(AVAILABLE DATA)
|---|

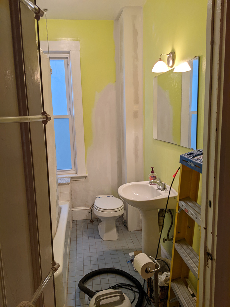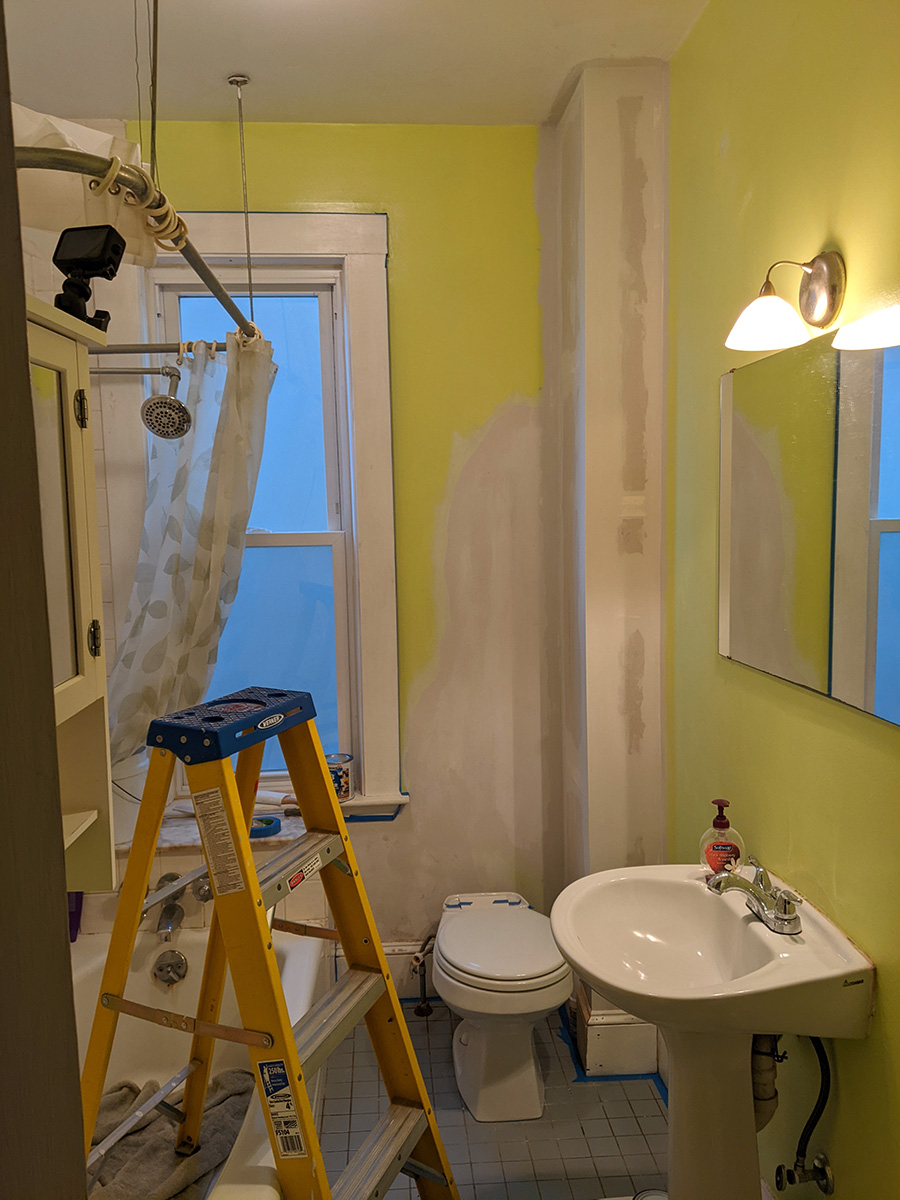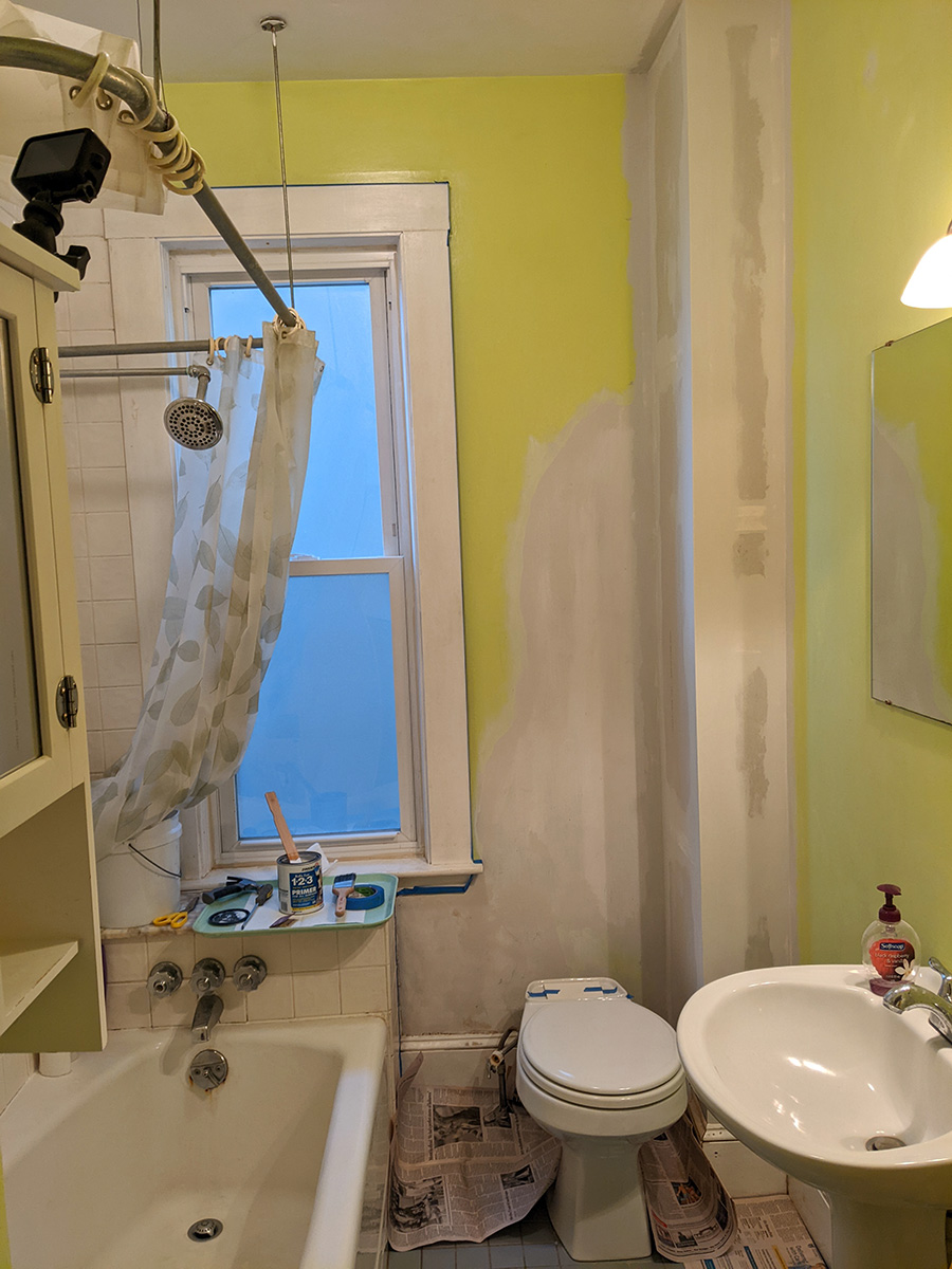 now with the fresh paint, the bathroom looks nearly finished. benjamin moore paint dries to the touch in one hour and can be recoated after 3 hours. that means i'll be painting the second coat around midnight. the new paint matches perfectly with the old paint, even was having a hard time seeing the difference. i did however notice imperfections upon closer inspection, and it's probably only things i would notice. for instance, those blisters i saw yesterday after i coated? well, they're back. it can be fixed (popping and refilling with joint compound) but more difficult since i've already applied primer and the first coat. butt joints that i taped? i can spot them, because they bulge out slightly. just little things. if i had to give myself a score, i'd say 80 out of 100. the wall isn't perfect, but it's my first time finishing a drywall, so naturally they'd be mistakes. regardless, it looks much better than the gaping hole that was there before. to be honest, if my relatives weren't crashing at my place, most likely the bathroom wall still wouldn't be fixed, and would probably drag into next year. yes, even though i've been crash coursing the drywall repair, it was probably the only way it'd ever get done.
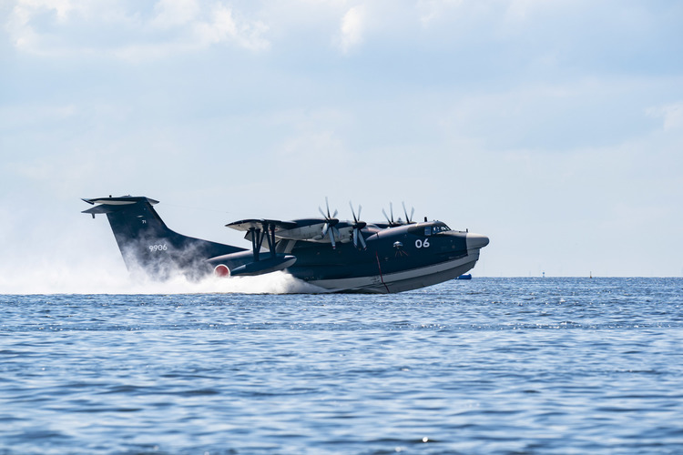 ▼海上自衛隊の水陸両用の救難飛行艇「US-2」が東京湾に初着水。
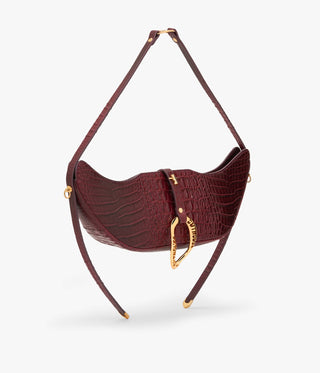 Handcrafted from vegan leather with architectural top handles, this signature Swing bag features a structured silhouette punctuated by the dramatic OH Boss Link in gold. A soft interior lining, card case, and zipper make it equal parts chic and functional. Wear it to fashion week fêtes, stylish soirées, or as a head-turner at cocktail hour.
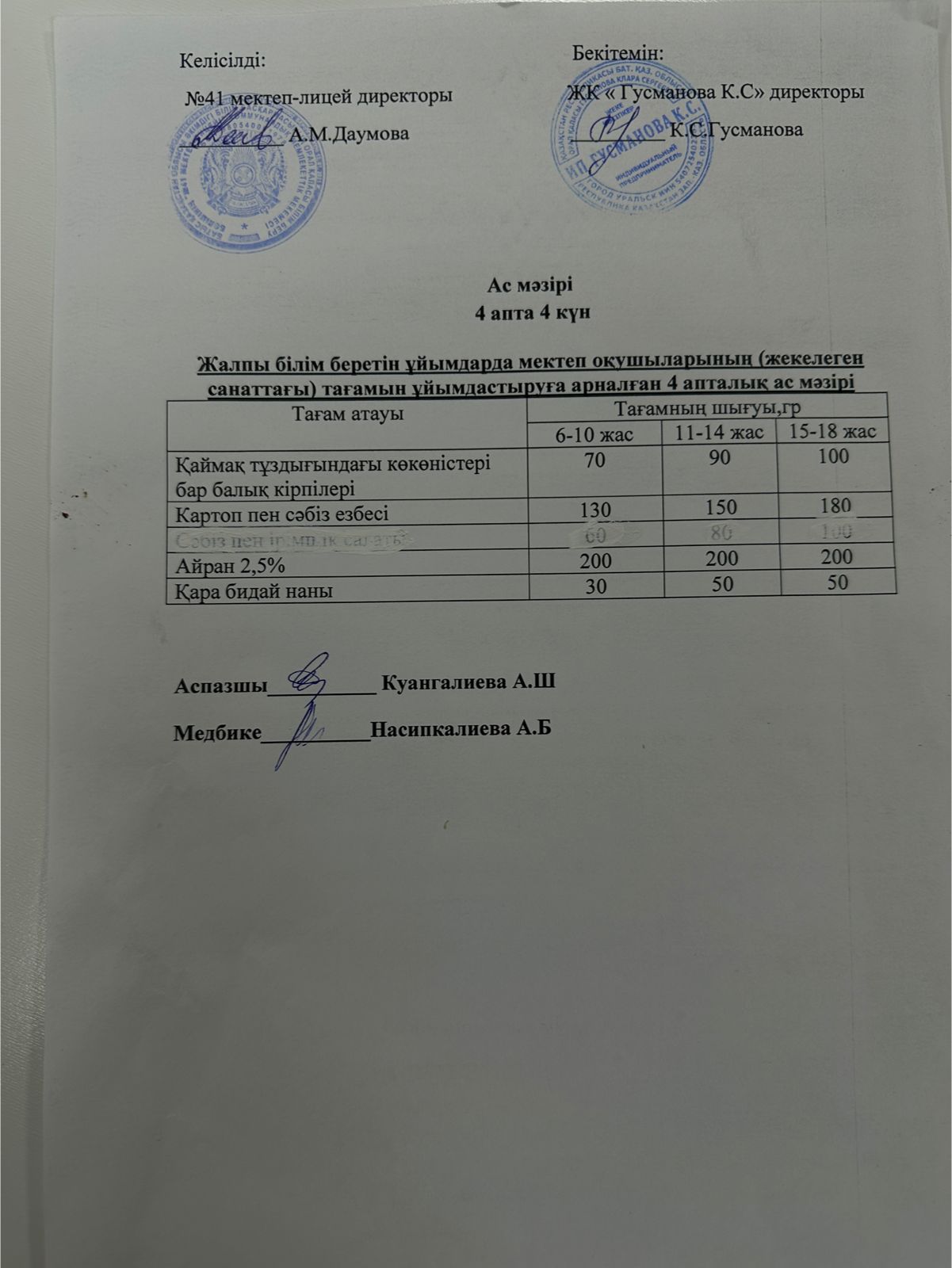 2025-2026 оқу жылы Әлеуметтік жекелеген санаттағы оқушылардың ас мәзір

|---|

(HOW TO COMPLETE THIS TASK)
Reproduce the lines above letter for letter. The pictures stay behind.

(EXPECTED OUTPUT)
 now with the fresh paint, the bathroom looks nearly finished. benjamin moore paint dries to the touch in one hour and can be recoated after 3 hours. that means i'll be painting the second coat around midnight. the new paint matches perfectly with the old paint, even was having a hard time seeing the difference. i did however notice imperfections upon closer inspection, and it's probably only things i would notice. for instance, those blisters i saw yesterday after i coated? well, they're back. it can be fixed (popping and refilling with joint compound) but more difficult since i've already applied primer and the first coat. butt joints that i taped? i can spot them, because they bulge out slightly. just little things. if i had to give myself a score, i'd say 80 out of 100. the wall isn't perfect, but it's my first time finishing a drywall, so naturally they'd be mistakes. regardless, it looks much better than the gaping hole that was there before. to be honest, if my relatives weren't crashing at my place, most likely the bathroom wall still wouldn't be fixed, and would probably drag into next year. yes, even though i've been crash coursing the drywall repair, it was probably the only way it'd ever get done.
 ▼海上自衛隊の水陸両用の救難飛行艇「US-2」が東京湾に初着水。
 Handcrafted from vegan leather with architectural top handles, this signature Swing bag features a structured silhouette punctuated by the dramatic OH Boss Link in gold. A soft interior lining, card case, and zipper make it equal parts chic and functional. Wear it to fashion week fêtes, stylish soirées, or as a head-turner at cocktail hour.
 2025-2026 оқу жылы Әлеуметтік жекелеген санаттағы оқушылардың ас мәзір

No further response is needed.